The Madoff trustee litigation has been a boon for Baker Hostetler, a 740-lawyer Cleveland-based firm. Mr. Picard and his team have filed more than a thousand lawsuits seeking to recover money for victims who sustained losses in the fraud. Among the defendants are more than a dozen banks, including JPMorgan Chase, and wealthy investors like the Wilpon family, which owns the New York Mets. In some lawsuits, Mr. Picard is seeking to recover cash withdrawn from the Ponzi scheme before its collapse; in others, he has asked for damages from defendants who he says knew or should have known about the fraud.
So far, Mr. Picard has recovered about $10 billion in settlements and asset sales, far more than what legal specialists had expected.
It has been a hugely profitable assignment, having brought in about $180 million in legal fees for Baker Hostetler. The firm is expected to receive roughly $603 million more for its work from 2011 to 2014, according to correspondence from the Securities Investor Protection Corporation, a private nonprofit entity backed by broker-dealers, which pays Baker Hostetler’s fees.
Mr. Picard, as trustee, has been paid $4.3 million through January, according to court records. He stands to make an additional $12.5 million over the next three years, the SIPC letter said.
The financial arrangement that Mr. Picard and Mr. Sheehan have with Baker Hostetler is unclear.
The Madoff case was a major driver in increasing revenue at Baker Hostetler by 17 percent last year, the third-largest increase among the country’s 100 largest law firms, according to The American Lawyer magazine. Since receiving the assignment, Baker Hostetler’s New York office, where Mr. Picard and Mr. Sheehan are based, has doubled to about 150 lawyers.
Though the Madoff litigation has brought many dollars and much prominence to Baker Hostetler, not every lawyer at the firm is thrilled.
A number of Baker Hostetler lawyers have complained that too many resources are being devoted to the Madoff case at the expense of the rest of the firm’s practice groups.
“We’re now the Madoff firm, just go to our Web site and take a look,” said a lawyer at Baker Hostetler who spoke only on the condition of anonymity because he was not authorized to speak publicly. “All you’ll see is Madoff, Madoff, Madoff.”
(While the firm trumpets the Madoff work on its Web site, the site contains smaller reports on other assignments.)
Another concern is a conflict-of-interest issue: Baker Hostetler would not represent many large banks and wealthy families because they were defendants in Madoff lawsuits. This would also make it a challenge for the Madoff team to join another large national firm with clients, or prospective clients, that have been sued by the trustee.
Last year Mr. Sheehan began discussing the possibility of leaving Baker Hostetler with Paul Rowe, the chairman of Greenbaum Rowe.
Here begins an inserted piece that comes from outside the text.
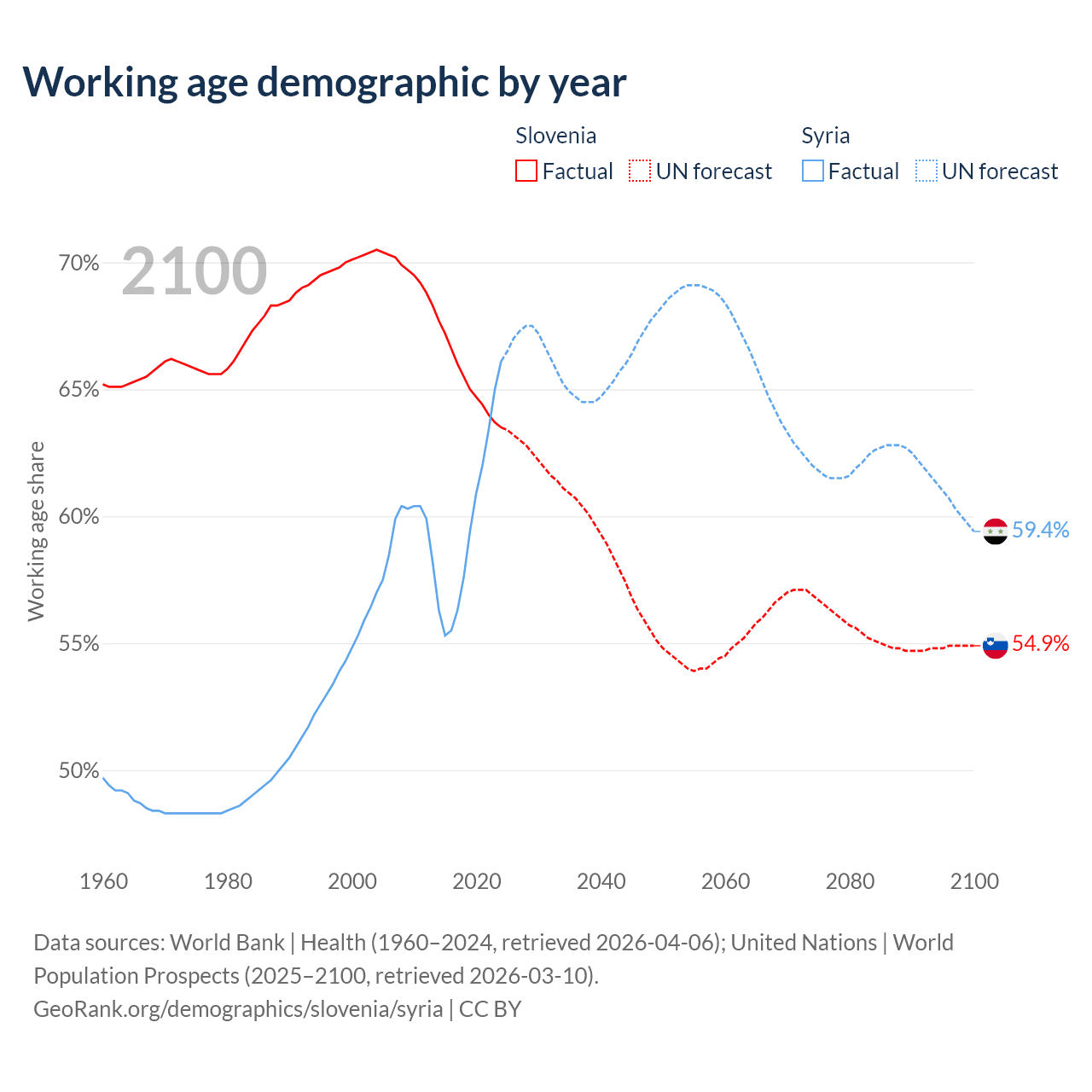 Median age Slovenia vs Syria, 1960-2100

It would have been a good fit. Joining Greenbaum Rowe would allow the Madoff team to operate on its own from New York with the backing of a 100-lawyer firm based in Iselin, N.J., best known for its litigation practices.
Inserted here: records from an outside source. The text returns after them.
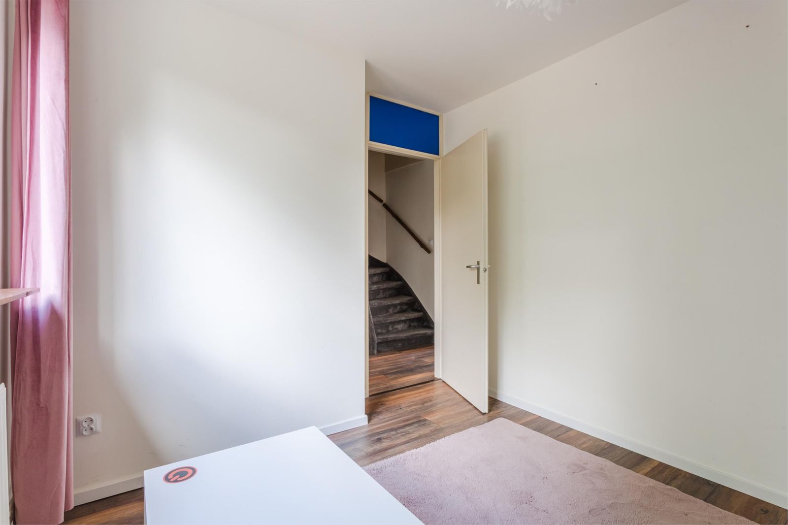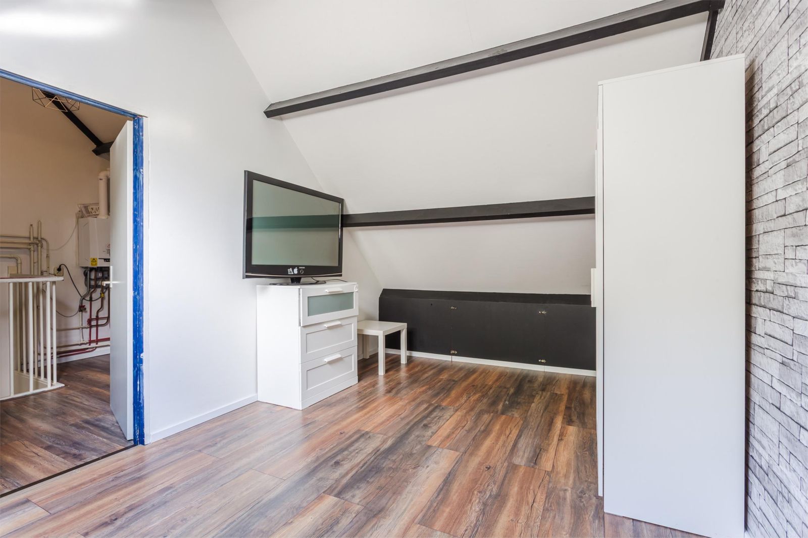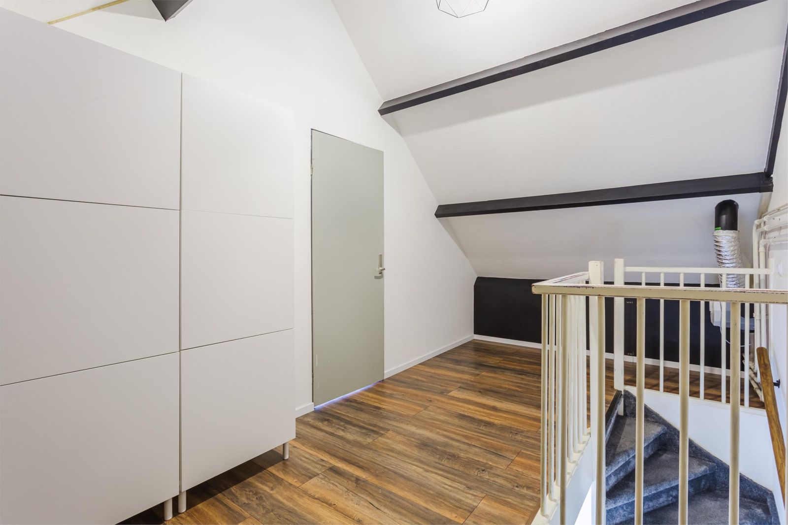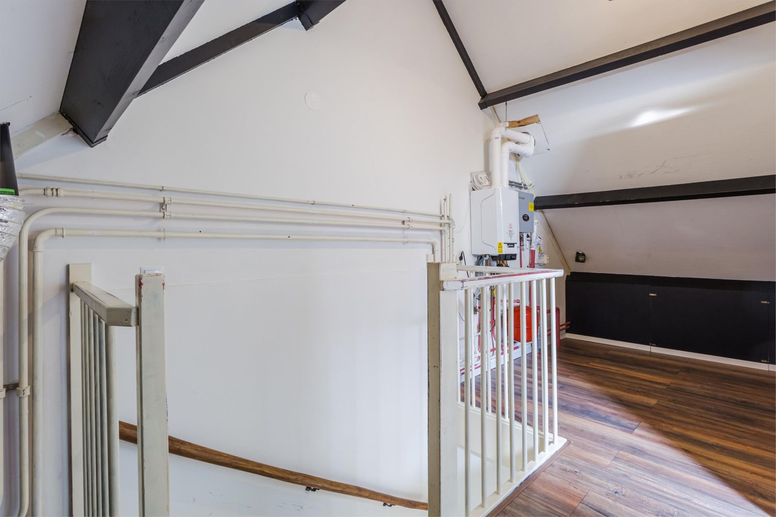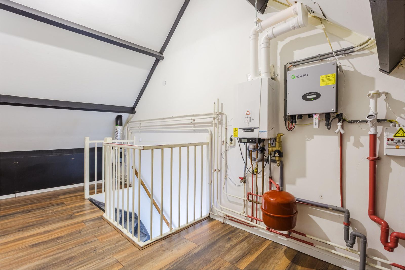 Via een vaste trap bereik je de ruime vierde slaapkamer. Hier bevinden zich ook de cv-installatie, aansluiting voor de wasmachine en de mechanische ventilatie.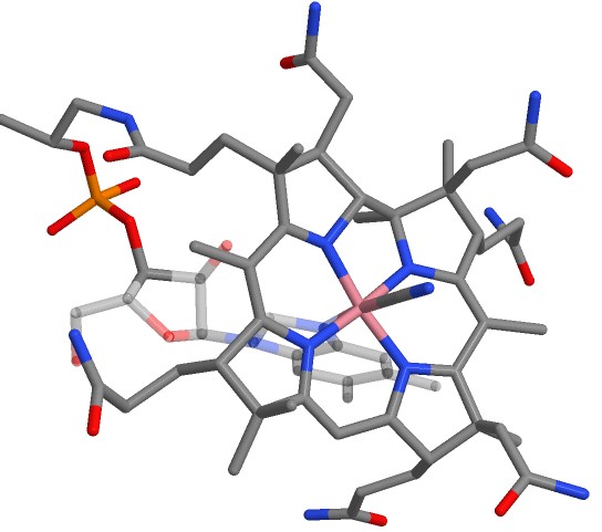 Representation of hydrated vitamin B12 molecule Image by Easyloc via Wikimedia Commons.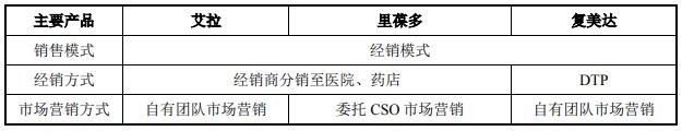同时,招股书还披露了复旦张江三大主要产品的营销模式。复旦张江采用经销模式,产品通过具有药品经营资格及GSP认证的经销商物流及配送进入医院、零售药店或DTP药店,同时艾拉、复美达采用自有团队进行市场营销,里葆多采用委托CSO进行市场营销。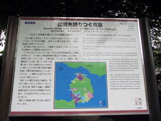 火山灰で高さ約3mの鳥居が、上部だけを残して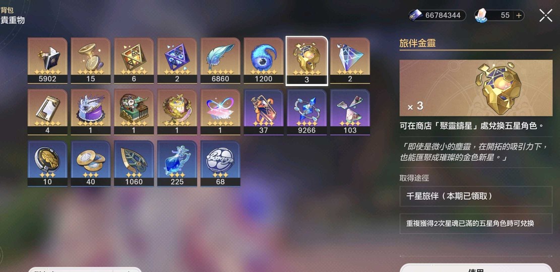 五星角色含星魂共62金(不含主角),旅伴金靈可再選3金共65金角色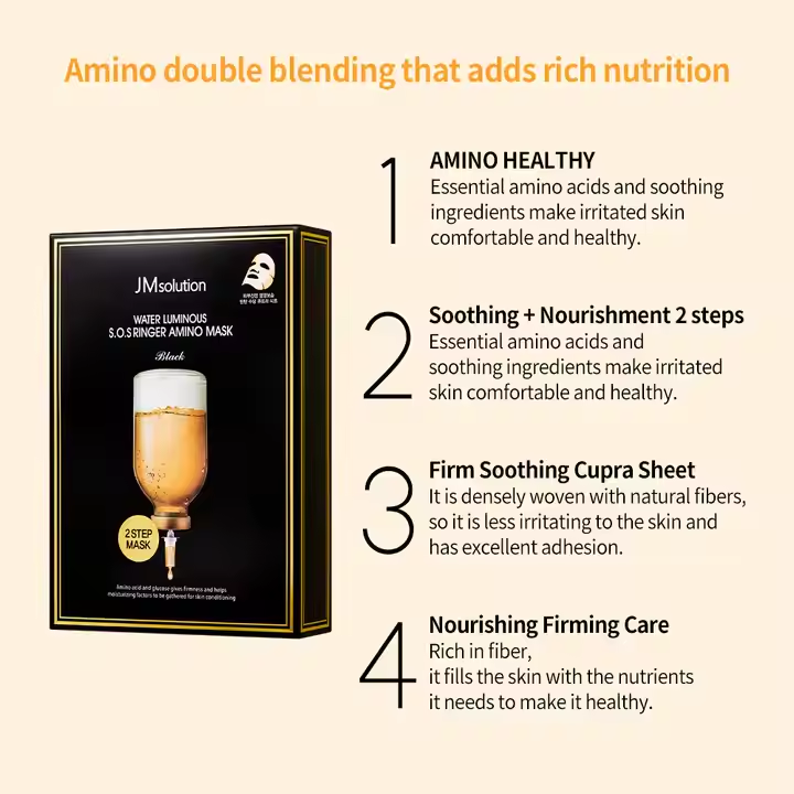 JMsolution Corée Vente Chaude Eau Lumineux S.O.S Ringer Amino Mask Plus Sheet Face Skincare 1 Unité = 10 Pièces Nouvelle Arrivée

Mr. Rowe declined to comment.
Talks advanced far enough along that Greenbaum Rowe had secured two floors of empty space at 666 Fifth Avenue. But after discussions with Baker Hostetler management, Mr. Picard and Mr. Sheehan stayed put.
People briefed on the decision say that the firm did not increase their compensation, but instead devoted more resources to the Madoff litigation.
“The trustee and his counsel are committed to Baker Hostetler and look forward to the continued success that the firm’s legal team has achieved on the Madoff matter,” a spokesman for the firm said.